Vertical to Horizontal Scaling, Part 1: Why go Horizontal?


Like most fast-growing startups, Stanza faces a lot of scalability challenges. We sync 250M+ events on a daily basis, handle 10M pageviews a day, and during peak traffic, process 1M+ requests a minute. Part of my work is to keep up with our demanding traffic (we recently grew 100x in just 6 months).

Prior to the 100x explosion, we’ve always run our backend on a monolithic server. Whenever traffic grew, we just threw in more memory and cpu, which ironically, wasn’t so easy.

The Trouble w/Vertical

Grunt Work

As an AWS shop, we are lucky enough not have to physically manage our servers. Even then vertical scaling, at a minimum, required

  1. manually spinning up a new instance
  2. provision the capacity of processes on the new instance
  3. switching traffic

Other times, AMI‘s need to be imaged, disks need to be resized, etc.

One could argue the above work can be automated (which I agree), but there’s a bigger issue…


EC2 servers are charged based on hours of operation, not CPU utilization/memory usage/[insert_any_non_time_measurements_of_work].

Say we chose a m3.medium instance as our server, we are paying for the # of hours that instance is up. Whether those hours were filled with high traffic (great utilization), or low traffic, our bill is the same.

Though traffic at Stanza is growing at a macro scale, traffic on any given day can easily fluctuate by ~10x or more. What this means is if we weren’t utilizing our servers 100% all the time (hint: we don’t), we are still paying for the beefier CPU, memory, and SSD.

Our costs need to look like our utlization. Elasticity FTW!


Any monolithic setup, large or small, suffers from lack of redundancy. When something goes wrong with the sole server, all traffic dies.
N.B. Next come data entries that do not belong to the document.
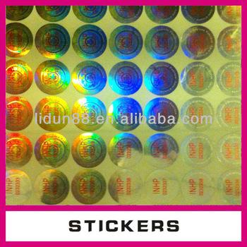 Customized hologram Sticker Standard security holograms are often relied on to protect a brand from tampering and product diverting, when there are other solutions that offer a higher level of security. In some cases, standard mass-produced tamper-evident labels, tags and seals provide cost-effective security for low-level tamping attempts; however, these are not much of a challenge to the well funded or determined counterfeiter. True brand protection requires labels with higher degrees of security. Since 2006, lidun hologram has worked with leading security label manufacturers who utilize some of the most advanced processes and technologies. Because of these partnerships, we have access to the best options and technologies for custom labels to protect your product, materials and distribution channels. We create custom security labels using holographic foils, papers and plastic films incorporating multiple taggant technologies, as well as clear UV barcodes and a variety of possibilities to deliver a solution that will meet your needs. watermark stickers: 1 generally mainly used by tax administration 2 there are 3 kinds of watermark, white watermark, black watermark, stripe watermark 3 hidden patterns and words , only can be see in some angle, good security effect 1, Non-toxic self adhesive embossed sticker 2, Before using sticker, please make sure surface is clean and dry, or will effect its adhesion. 3, Sticker can stick on anywhere, like woods, mirrors, windows, wall, plastics, etc. 4, nice gifts for children. 5, No mark left once it was removed carefully.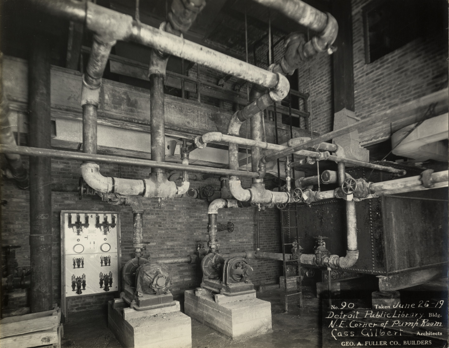 View of pump room, Main Library, Detroit Public Library during construction. Printed on front: "No. 90. Taken June 26-19. Detroit Public Library bldg., n.e. corner of pump room. Cass Gilbert, architects. Geo. A. Fuller Co., builders." Stamped on back: "Manning Bros., commercial photographers, 22-24 Witherell St. Detroit, Michigan."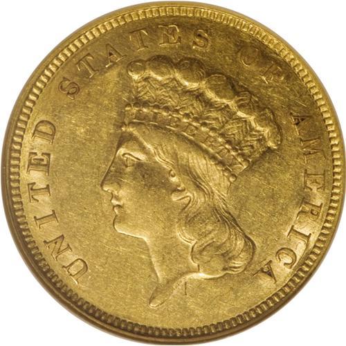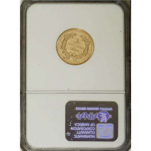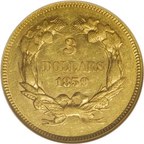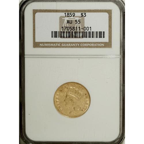 <B>1859 $3 AU55 NGC.</B></I> This attractive Choice AU example displays typical highpoint wear over Liberty's hair detail, for the grade, and a substantial degree of semi-prooflikeness in the fields. There are no mentionable abrasions on either side, only faint hairlines. One of the scarcest P-mint issues from the 1850s.<BR><BR><b>Shipping:</b> Coins & Currency (<a target="_blank" href="http://www.heritageauctions.com/common/shipping.php">view shipping information</a>)

A single monolithic server also resides in one location which means requests from places far away will have longer roundtrip times. This usually results in poorer end user experience.

Horizontal to the Rescue

Instead of growing the capacity of a single server, horizontal scaling grows the # of servers, keeping the capacity the same.

Less Grunt Work

By leveraging container technologies such as Docker and AWS provisioning services like Beanstalk we can easily automate the replication, deployment, and traffic switching.

Cost Savings

Because a single server now is of smaller capacity, we can spin down/up servers as we need. Since we are charged based on server hours, our costs will follow traffic patterns (this is more apparent the more granular server capacity is with respect to total traffic).

Better Failover/Consistent Performance

With multiple servers we no longer depend on a single server being healthy. If one fails, we can route traffic to another one and avoid downtime.

In addition, requests can be handled by servers in the same geo-location. No requests will have to travel very far and thus, roundtrip times will be fairly consistent.

Where do we go from here?

Because of grunt work, cost, and lack of redundancy/geo-locality, vertical scaling starts to show its shortcoming after a certain size. In Part 2, we’ll explore technical specifics at Stanza to set up background on our journey away from vertical to horizontal scaling.